When I go back to the kitchen I can barely see my brothers through the fog of smoke and I wonder how often I’ve looked at them properly. Simon seems fairly lucid and for a second I see the ghost of the bright boy with the shock of blond hair who was so fit and healthy
and into everything. Simon was into life when he was young. That changed somewhere along the way.

‘Is Paul coming?’ Simon looks around as if he expects our eldest brother to appear magically in the room. ‘Where is he? Haven’t heard from him in a while.’ He thinks he is speaking clearly, but his voice slurs wildly from one word to the next and his eyes are narrower than they used to be. I’m sure it’s just because he needs to concentrate to focus, but it makes him look mean. Maybe that’s how you have to look to survive in his world.

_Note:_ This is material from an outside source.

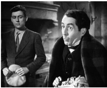
1945 SYLVIE ET LE FANTÔME de Claude Autant-Lara avec François Périer

His cigarette ash drops to the floor and I know with a moment’s clarity that I will never see him again after this is done. I can feel the family unravelling with your life. We are disconnecting – satellites spinning outwards from a broken spool.

Davey slips quietly out of the back door and I follow him into the garden. It’s cold now and getting dark, but we know our way down the path to the swings, our feet as steady on the broken slabs as they always have been. I don’t worry about treading on the cracks. That fear is too far in the past. Growing up is about realising that the cracks in the pavement are nothing to worry about. It’s the cracks inside that count.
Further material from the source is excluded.